New Zealand responded to the English loss by dishing out one of the most emphatic victories ever seen in ODI cricket, beating the Netherlands by 210 runs in Sydney. Batting first, New Zealand scored 297 for 5 to break the record for the highest total in women’s ODI – a record set just a week earlier by Australia against the same opposition.
A first-wicket partnership of 167 set up New Zealand’s total as Jackie Clark, opening as Murdoch moved down the order, hit 85 before being replaced by Hockley who hit her third consecutive 50+ score. The anchor around which they batted was Nicki Turner, who hit a magnificent 114.
The Netherlands improved on their 29 made against Australia, bowled out for 87. The star of the bowling return was Catherine Campbell who, having just joined the side and making her ODI debut, claimed 3 for 27 off her full complement of 12 overs. Hockley again proved to be an effective choice with the ball too: 4 overs for 3 runs on this occasion.

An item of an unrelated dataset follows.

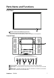 Parts Name and Functions Front Panel 1 1 Remote control sensor/Ambient light sensor • Receives the signal from the wireless remote control. • Automatically detects ambient lighting condition and adjusts screen brightness. Control Panel 1 2 3 4 5 6 7 1 Carrying handle - Use these handles to carry the LCD monitor while installing. 2 INPUT button - Press this button to select an input source. Acts as SET button with OSD menu. 3 MENU button - Activates the OSD menu when the OSD menu is turned-off.

Huge victory over easy-beats was again followed by a match against much sterner opposition. This time it was back-to-back match-ups with the hosts, resulting in back-to-back losses. Although Clark, Hockley, and Murdoch continued to get starts, the lack of a big score or any support saw New Zealand score just 121 and 136 in those games.

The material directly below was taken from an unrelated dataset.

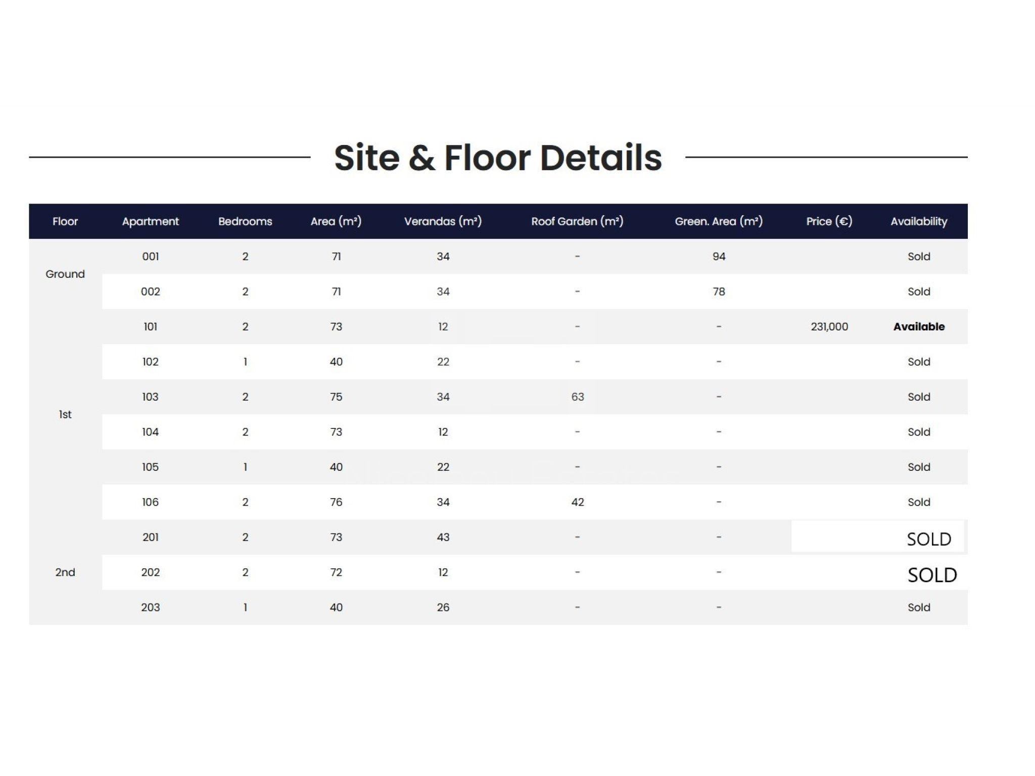 Apt.no.101 is on the 1st floor and it comes with 2 bedrooms, master bedroom with en-suite, 73sq.m internal covered areas plus 12sq.m verandas, Price 231,000 plus VAT

Big wins in rematches with the Ireland and the Netherlands would follow, with tight bowling being particularly notable in the Netherlands game. In something of a carbon copy of their previous batting effort against the New Zealanders, the Dutch line-up were bowled out for 78 in the final over. New Zealand’s new-ball pair of Brigit Legg and Gunn bowled 24 overs for a total of 17 maidens, just 12 runs, and 4 wickets. Legg took 3 for 4 off 12.
Next up was England, who were flying high after finally ending the Australian’s winning streak which stretched back to the final game of the 1973 World Cup. Throughout the tournament, New Zealand had proven themselves to be an excellent fielding side, in part due to some excellent work from Catherine Campbell in the gully. Against England it would prove the difference.

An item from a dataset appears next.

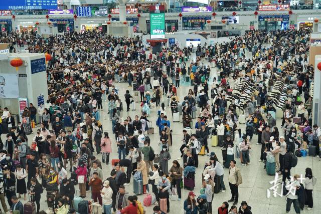 From the perspective of travellers, the number of people aged 20 to 39 returning home decreased by 5.3% compared with the same period in 2023; For people over 60 years old, the travel volume has increased by nearly 30%.The data shows that "reverse Spring Festival travel rush" has become a new trend and new trend this year. Guangzhou and Shenzhen are not only popular starting points, but also popular destinations. Older people from Sichuan, Hubei, Hunan and other working provinces are willing to go to their children’s workplaces for Chinese New Year reunion.During the period of Spring Festival travel rush, the total number of major stations in Guangdong reached 42.891 million, including 10.454 million in Guangzhou South Railway Station.

Having won the toss and chosen to bat, England’s top order all contributed as they reached 145 for 4 before losing their last 6 wickets for just 32 runs. New Zealand benefited from creating pressure in the field which resulted in, a remarkable, five run outs. Helping pin down the English line-up was, once again, Brigit Legg who took the new ball and bowled 11 overs for 14 runs.
The innings wasn’t without controversy, however, as a slow over rate saw New Zealand fined two overs. That gave them 58 overs to chase 178 for victory.
Nicki Turner stepped up at the top once more, hitting 43, but Hockley (50*) and Ingrid Jagersma (37*) were the heroes for NZ. After two run outs of their own created some nerves, the pair hit an unbeaten 50-run partnership to see them home with 3 overs to spare.
While the win tied England and New Zealand together on 20 points, England had a game in hand and, with the Netherlands the opponents, a win was almost a foregone conclusion. They duly won by 180 runs to set-up another final against Australia.
For New Zealand, the trend-breaking win over England would be important in setting up future World Cups, but they would again bow out disappointed. There was one final match to be played as an odd third place playoff with Ireland took place. It only solidified Brigit Legg’s class as she took 2 for 14 off 12 finishing the tournament with an economy rate of 1.57.
The tournament concluded at the Melbourne Cricket Ground, where 3000 fans rattled around the 90,000-seat stadium. For the players, especially the English, the experience was surreal,
The ground was wall-to-wall seating with no one sitting in them. . .
– England’s Jan Brittin
Australia, once again, cruised to victory and England were the first team to play at the MCG and feel what the BLACKCAPS did in 2015, the MCG really is so big when all you want to do is hide.